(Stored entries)

---+---

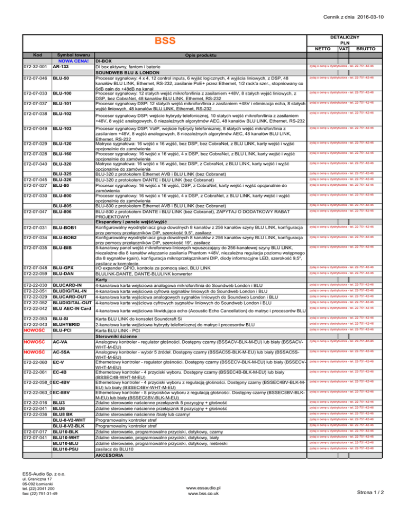 Cennik z dnia 2016-03-10 BSS Kod 072-32-001 Symbol towaru NOWA CENA! AR-133 072-07-046 BLU-50 072-07-033 BLU-100 072-07-037 BLU-101 072-07-038 BLU-102 072-07-049 BLU-103 Opis produktu DI-BOX DI box aktywny, fantom i baterie SOUNDWEB BLU & LONDON Procesor sygnałowy: 4 x 4, 12 control inputs, 6 wyjść logicznych, 4 wyjścia liniowych, z DSP, 48 kanałów BLU LINK, Ethernet, RS-232, zasilanie PoE+ przez Ethernet, 1/2 rack'a szer., stopniowany co 6dB gain do +48dB na kanał Procesor sygnałowy: 12 stałych wejść mikrofon/linia z zasilaniem +48V, 8 stałych wyjść liniowych, z DSP, bez CobraNet, 48 kanałów BLU LINK, Ethernet, RS-232 Procesor sygnałowy DSP: 12 stałych wejść mikrofon/linia z zasilaniem +48V i eliminacja echa, 8 stałych wyjść liniowych, 48 kanałów BLU LINK, Ethernet, RS-232 Procesor sygnałowy DSP: wejście hybrydy telefonicznej, 10 stałych wejść mikrofon/linia z zasilaniem +48V, 8 wyjść analogowych, 8 niezależnych algorytmów AEC, 48 kanałów BLU LINK, Ethernet, RS-232 DETALICZNY PLN NETTO VAT BRUTTO Pełny INTERNET pytaj o cenę u dystrybutora - tel. 22-751-42-46 pytaj o cenę u dystrybutora - tel. 22-751-42-46 pytaj o cenę u dystrybutora - tel. 22-751-42-46 pytaj o cenę u dystrybutora - tel. 22-751-42-46 pytaj o cenę u dystrybutora - tel. 22-751-42-46 Procesor sygnałowy DSP: VoIP, wejście hybrydy telefonicznej, 8 stałych wejść mikrofon/linia z zasilaniem +48V, 8 wyjść analogowych, 8 niezależnych algorytmów AEC, 48 kanałów BLU LINK, Ethernet, RS-232 Matryca sygnałowa: 16 wejść x 16 wyjść, bez DSP, bez CobraNet, z BLU LINK, karty wejść i wyjść BLU-120 opcjonalnie do zamówienia Procesor sygnałowy: 16 wejść x 16 wyjść, 4 x DSP, bez CobraNet, z BLU LINK, karty wejść i wyjść BLU-160 opcjonalnie do zamówienia Matryca sygnałowa: 16 wejść x 16 wyjść, bez DSP, z CobraNet, z BLU LINK, karty wejść i wyjść BLU-320 opcjonalnie do zamówienia BLU-325 BLU-320 z protokołem Ethernet AVB i BLU LINK (bez Cobranet) BLU-326 BLU-320 z protokołem DANTE i BLU LINK (bez Cobranet) Procesor sygnałowy: 16 wejść x 16 wyjść, DSP, z CobraNet, karty wejść i wyjść opcjonalnie do BLU-80 zamówienia Procesor sygnałowy: 16 wejść x 16 wyjść, 4 x DSP, z CobraNet, z BLU LINK, karty wejść i wyjść BLU-800 opcjonalnie do zamówienia BLU-805 BLU-800 z protokołem Ethernet AVB i BLU LINK (bez Cobranet) BLU-800 z protokołem DANTE i BLU LINK (bez Cobranet), ZAPYTAJ O DODATKOWY RABAT BLU-806 PROJEKTOWY! Ekspandery i panele wejść/wyjść Konfigurowalny wyodrębniacz grup dowolnych 8 kanałów z 256 kanałów szyny BLU LINK, konfiguracja BLU-BOB1 przy pomocy przełączników DIP, szerokość 9.5", zasilacz Konfigurowalny wyodrębniacz grup dowolnych 8 kanałów z 256 kanałów szyny BLU LINK, konfiguracja BLU-BOB2 przy pomocy przełączników DIP, szerokość 19", zasilacz 8-kanałowy panel wejść mikrofonowo-liniowych wpuszczający do 256-kanałowej szyny BLU LINK, BLU-BIB niezależne dla 8 kanałów włączanie zasilania Phantom +48V, niezależna regulacja poziomu wstępnego dla 8 sygnałów (gain), konfiguracja mikroprzełącznikami DIP, diody informacyjne LED, szerokość 9,5", zasilacz w komplecie. BLU-GPX I/O expander GPIO, kontrola za pomocą sieci, BLU LINK BLU-DAN BLULINK-DANTE, DANTE-BLULINK konwerter Karty BLUCARD-IN 4-kanałowa karta wejściowa analogowa mikrofon/linia do Soundweb London i BLU BLUDIGITAL-IN 4-kanałowa karta wejściowa cyfrowa sygnałów liniowych do Soundweb London i BLU BLUCARD-OUT 4-kanałowa karta wyjściowa analogowych sygnałów liniowych do Soundweb London i BLU BLUDIGITAL-OUT 4-kanałowa karta wyjściowa cyfrowych sygnałów liniowych do Soundweb London i BLU BLU AEC-IN Card 4-kanałowa karta wejściowa likwidująca echo (Acoustic Echo Cancellation) do matryc i procesorów BLU pytaj o cenę u dystrybutora - tel. 22-751-42-46 072-22-053 072-22-043 NOWOŚĆ BLU-SI BLUHYBRID BLU-PCI pytaj o cenę u dystrybutora - tel. 22-751-42-46 NOWOŚĆ AC-VA NOWOŚĆ AC-5SA 072-22-060 EC-V 072-22-061 EC-4B 072-07-029 072-07-028 072-07-040 072-07-045 072-07-027 072-07-030 072-07-047 072-07-031 072-07-034 072-07-035 072-07-048 072-22-059 072-22-030 072-22-051 072-22-029 072-22-052 072-22-042 072-22-058_072-22-062 EC-4BV 072-22-063_072-22-064 EC-8BV 072-22-016 072-22-041 072-22-036 072-07-017 072-07-041 BLU3 BLU6 BLU8 BK BLU-8-V2-WHT BLU-8-V2-BLK BLU10-BLK BLU10-WHT BLU10-BLU BLU10-PSU Karta BLU LINK do konsolet Soundcraft Si 2-kanałowa karta wejściowa hybrydy telefonicznej do matryc i procesorów BLU Karta BLU LINK - PCI Sterowniki ścienne Analogowy kontroler - regulator głośności. Dostępny czarny (BSSACV-BLK-M-EU) lub biały (BSSACVWHT-M-EU) Analogowy kontroler - wybór 5 źródeł. Dostępny czarny (BSSAC5S-BLK-M-EU) lub biały (BSSAC5SWHT-M-EU) Ethernetowy kontroler - regulator głośności. Dostępny czarny (BSSECV-BLK-M-EU) lub biały (BSSECVWHT-M-EU) Ethernetowy kontroler - 4 przyciski wyboru. Dostępny czarny (BSSEC4B-BLK-M-EU) lub biały (BSSEC4B-WHT-M-EU) Ethernetowy kontroler - 4 przyciski wyboru z regulacją głośności. Dostępny czarny (BSSEC4BV-BLK-MEU) lub biały (BSSEC4BV-WHT-M-EU) Ethernetowy kontroler - 8 przycisków wyboru z regulacją głośności. Dostępny czarny (BSSEC8BV-BLKM-EU) lub biały (BSSEC8BV-BLK-M-EU) Zdalne sterowanie naścienne przełącznik 5 pozycyjny + głośność Zdalne sterowanie naścienne przełącznik 8 pozycyjny + głośność Zdalne sterowanie naścienne /biały lub czarny/ Programowalny kontroler stref Programowalny kontroler stref Zdalne sterowanie, programowalne przyciski, dotykowy, czarny Zdalne sterowanie, programowalne przyciski, dotykowy, biały Zdalne sterowanie, programowalne przyciski, dotykowy, niebieski zasilacz do BLU10 AKCESORIA pytaj o cenę u dystrybutora - tel. 22-751-42-46 pytaj o cenę u dystrybutora - tel. 22-751-42-46 pytaj o cenę u dystrybutora - tel. 22-751-42-46 pytaj o cenę u dystrybutora - tel. 22-751-42-46 pytaj o cenę u dystrybutora -
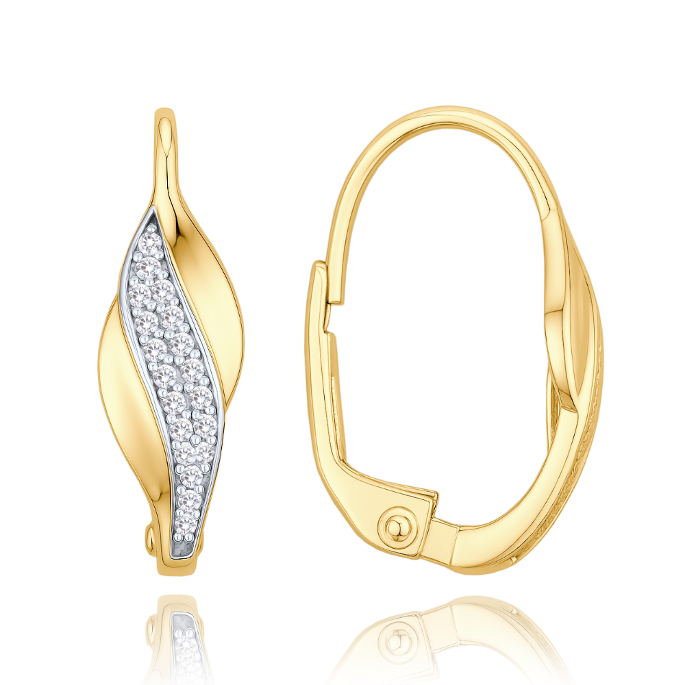 - MINET Elegantní zlaté náušnice s bílými zirkony Au 585/1000 2,15g
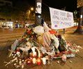 Tribute to policeman, Xavier Jugele on Champs-Elysees in April. (Sipa via AP Images)
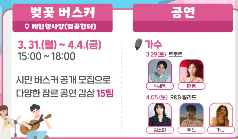 벚꽃 버스킹 무대: 평일에는 디제잉 공연, 주말에는 지역 예술인과 청년 밴드의 버스킹 공연이 펼쳐집니다.
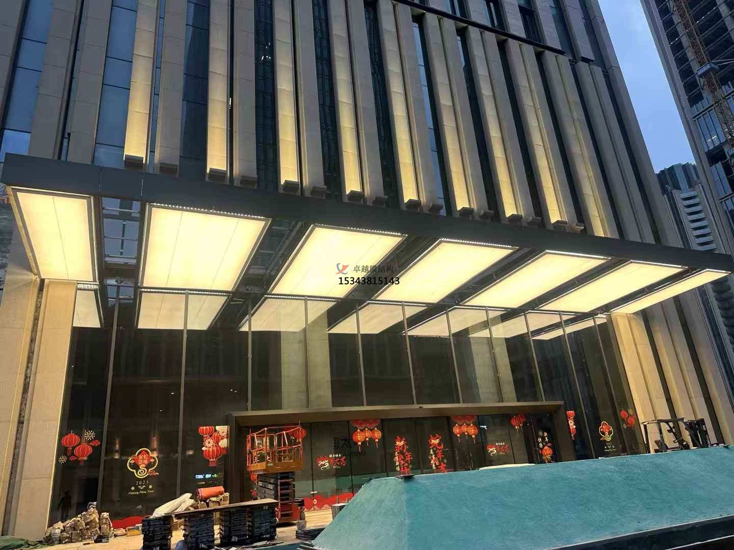 - 膜材張緊:在膜材固定和連接完成后,通過調(diào)整支撐結(jié)構(gòu)或使用專門的張緊設(shè)備,對膜材進(jìn)行張緊,使其達(dá)到設(shè)計要求的張力狀態(tài)。張緊過程中要密切關(guān)注膜材的變形情況,確保其變形在允許范圍內(nèi),且膜面平整、無褶皺。同時,要使用測量儀器對膜材的張力進(jìn)行監(jiān)測和控制,保證各部位的張力符合設(shè)計值。
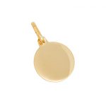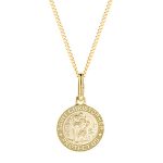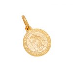 This lovely 9ct yellow gold round Saint Christopher pendant has the words SAINT CHRISTOPHER PROTECT US clearly embossed around the polished border, the centre has a Matt finish and the back is also polished to allow for engraving if required.
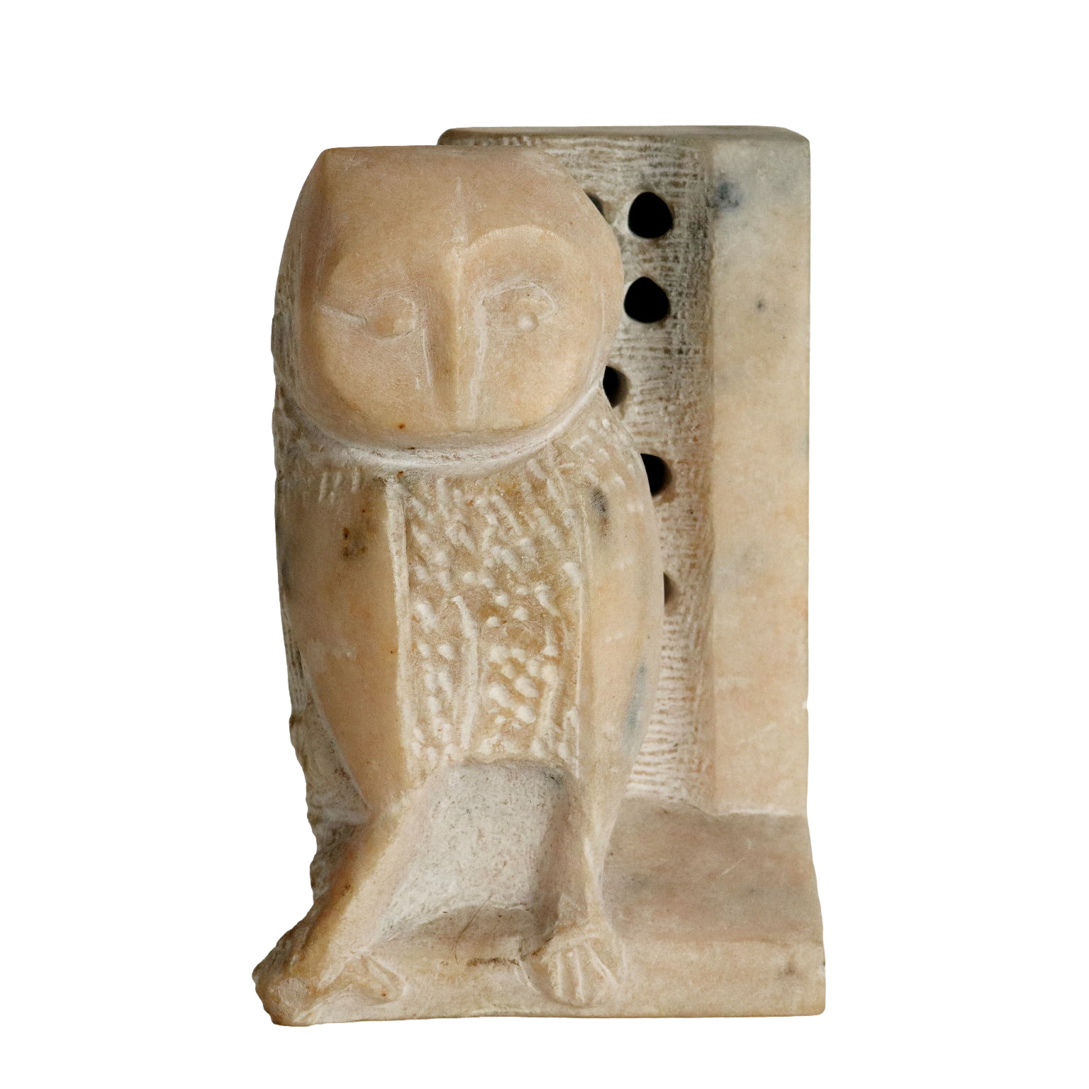 Marble sculpture. Signed on the lower right side. Mario Molteni, a Milanese artist, created his works almost exclusively with marble taken from the Candoglia quarries, near Verbania. His works often feature subjects drawn from classical culture, such as this owl, presented alongside abstract compositions, such as the shape with holes behind the bird.

---+---

REQUIRED ACTION >>
Please transcribe word for word the lines from the one bearing "- 膜材張緊:在膜材固定和連" through the last line of the records above, omitting the pictures.

YOUR SOLUTION >>
 - 膜材張緊:在膜材固定和連接完成后,通過調(diào)整支撐結(jié)構(gòu)或使用專門的張緊設(shè)備,對膜材進(jìn)行張緊,使其達(dá)到設(shè)計要求的張力狀態(tài)。張緊過程中要密切關(guān)注膜材的變形情況,確保其變形在允許范圍內(nèi),且膜面平整、無褶皺。同時,要使用測量儀器對膜材的張力進(jìn)行監(jiān)測和控制,保證各部位的張力符合設(shè)計值。
 This lovely 9ct yellow gold round Saint Christopher pendant has the words SAINT CHRISTOPHER PROTECT US clearly embossed around the polished border, the centre has a Matt finish and the back is also polished to allow for engraving if required.
 Marble sculpture. Signed on the lower right side. Mario Molteni, a Milanese artist, created his works almost exclusively with marble taken from the Candoglia quarries, near Verbania. His works often feature subjects drawn from classical culture, such as this owl, presented alongside abstract compositions, such as the shape with holes behind the bird.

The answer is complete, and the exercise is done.